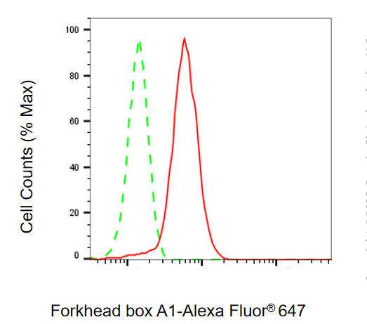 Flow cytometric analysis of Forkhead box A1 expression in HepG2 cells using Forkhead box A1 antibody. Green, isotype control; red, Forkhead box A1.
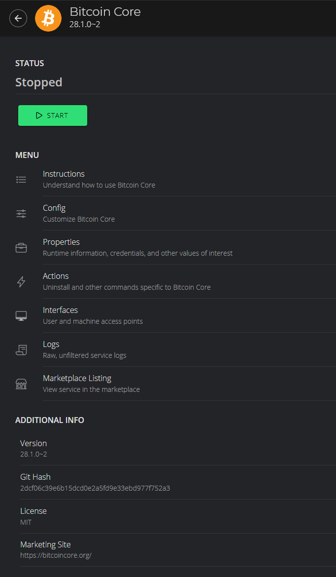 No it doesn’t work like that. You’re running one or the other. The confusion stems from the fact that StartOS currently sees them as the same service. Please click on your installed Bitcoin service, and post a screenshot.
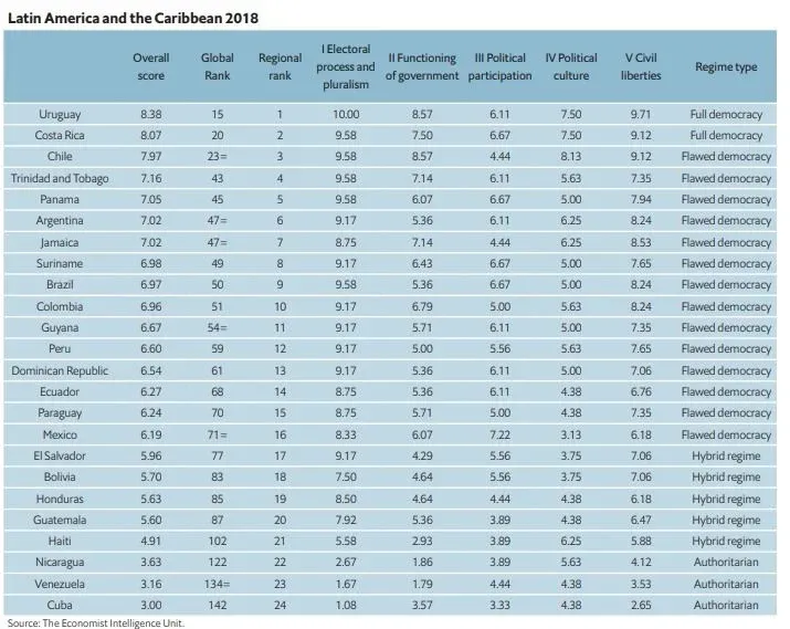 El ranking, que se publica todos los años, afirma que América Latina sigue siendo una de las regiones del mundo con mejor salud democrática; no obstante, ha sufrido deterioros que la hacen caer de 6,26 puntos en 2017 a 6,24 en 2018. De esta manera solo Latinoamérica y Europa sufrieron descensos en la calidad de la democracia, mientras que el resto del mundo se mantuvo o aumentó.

------------------------------------

● **EXERCISE**: Could you give back the full listing word for word, leaving out the images?

● **OUTPUT OF THE EXERCISE**:
 Flow cytometric analysis of Forkhead box A1 expression in HepG2 cells using Forkhead box A1 antibody. Green, isotype control; red, Forkhead box A1.
 No it doesn’t work like that. You’re running one or the other. The confusion stems from the fact that StartOS currently sees them as the same service. Please click on your installed Bitcoin service, and post a screenshot.
 El ranking, que se publica todos los años, afirma que América Latina sigue siendo una de las regiones del mundo con mejor salud democrática; no obstante, ha sufrido deterioros que la hacen caer de 6,26 puntos en 2017 a 6,24 en 2018. De esta manera solo Latinoamérica y Europa sufrieron descensos en la calidad de la democracia, mientras que el resto del mundo se mantuvo o aumentó.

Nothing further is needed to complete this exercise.